Given data ::
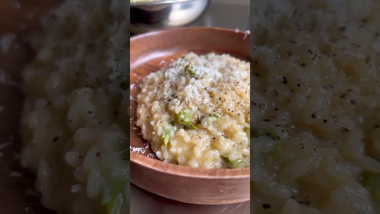 Asparagus lemon risotto recipe: 4 tbsps olive oil 1 onion chopped 3 garlic cloves smashed Zest of one lemon 8 asparagus roughly chopped 1 tbsp lemon juice 4-5 cups chicken stock 1 cup short grain rice, washed properly 1 tsp salt (taste and add gradually if needed) 4 tosp butter 1/2 cup shredded parmesan cheese Sauté the onion, garlic, and lemon zest in the olive oil until translucent. Add the chopped asparagus and cook for another minute. Add the rice and salt, and sauté for another minute. In the meantime, heat your chicken stock in a separate pot. Add the chicken stock 2 ladles at a time to the rice and keep stirring it around. Once the rice absorbs the stock, add another 2 ladles of chicken stock. Keep stirring the rice and add the chicken stock gradually until the rice is properly cooked. Add in the lemon juice, butter, and parmesan and mix until the butter and cheese melt & serve.
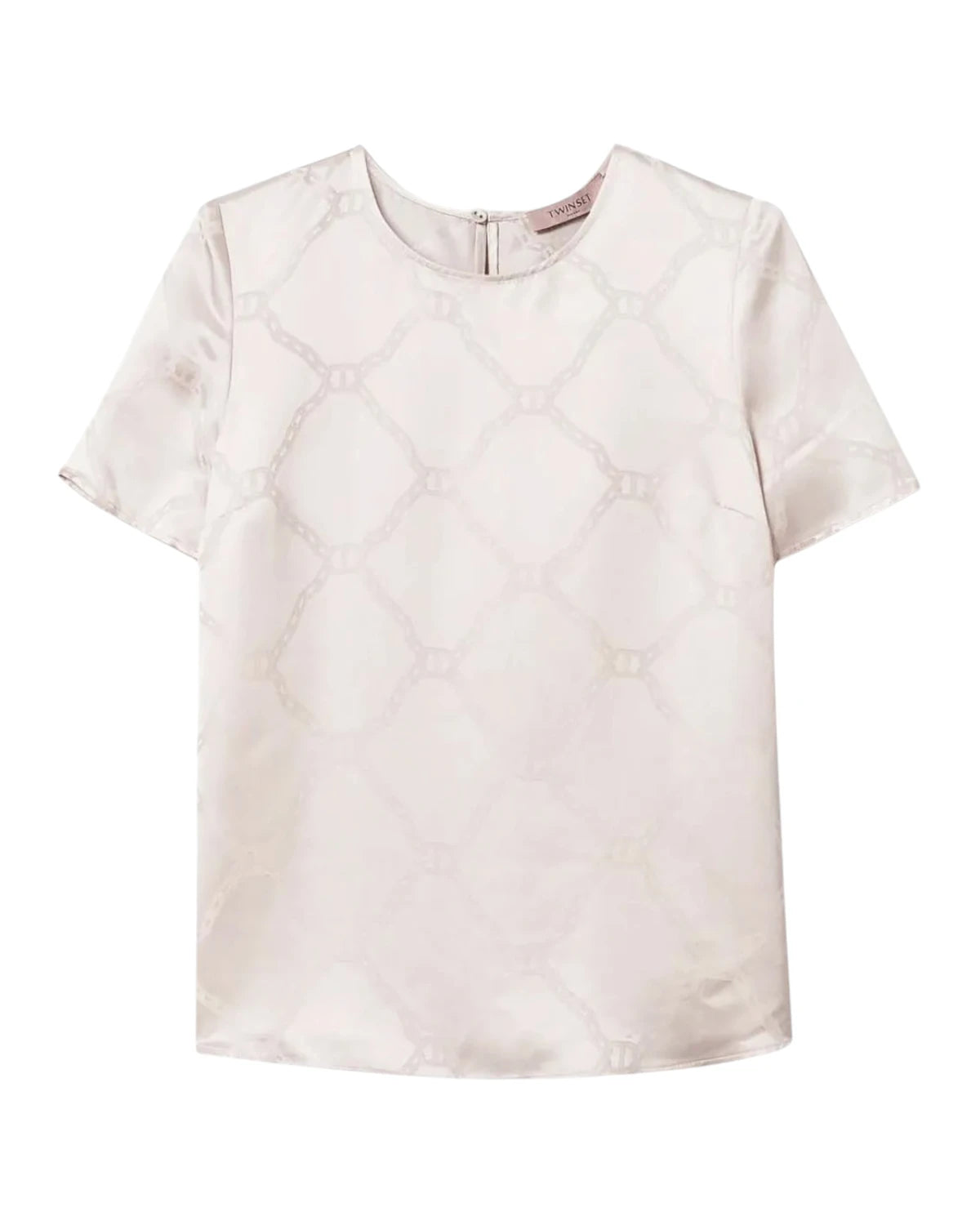 Understated elegance and exclusive graphics meet in this Italian-made jacquard satin blouse. The tone-on-tone Oval T chain motif plays with the alternating sheen and matte effect, creating a refined and distinctive Twinset effect. The fluid lyocell and viscose fabric glides effortlessly over the skin, lending a sophisticated allure.
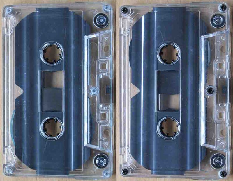 Description: the cassette is a generic blank tape, clear plastic with a dark grey coating on the inside. there is no info on

Exercise ::
Repeat each line of the material exactly, please, and skip every picture.

Output for this exercise ::
 Asparagus lemon risotto recipe: 4 tbsps olive oil 1 onion chopped 3 garlic cloves smashed Zest of one lemon 8 asparagus roughly chopped 1 tbsp lemon juice 4-5 cups chicken stock 1 cup short grain rice, washed properly 1 tsp salt (taste and add gradually if needed) 4 tosp butter 1/2 cup shredded parmesan cheese Sauté the onion, garlic, and lemon zest in the olive oil until translucent. Add the chopped asparagus and cook for another minute. Add the rice and salt, and sauté for another minute. In the meantime, heat your chicken stock in a separate pot. Add the chicken stock 2 ladles at a time to the rice and keep stirring it around. Once the rice absorbs the stock, add another 2 ladles of chicken stock. Keep stirring the rice and add the chicken stock gradually until the rice is properly cooked. Add in the lemon juice, butter, and parmesan and mix until the butter and cheese melt & serve.
 Understated elegance and exclusive graphics meet in this Italian-made jacquard satin blouse. The tone-on-tone Oval T chain motif plays with the alternating sheen and matte effect, creating a refined and distinctive Twinset effect. The fluid lyocell and viscose fabric glides effortlessly over the skin, lending a sophisticated allure.
 Description: the cassette is a generic blank tape, clear plastic with a dark grey coating on the inside. there is no info on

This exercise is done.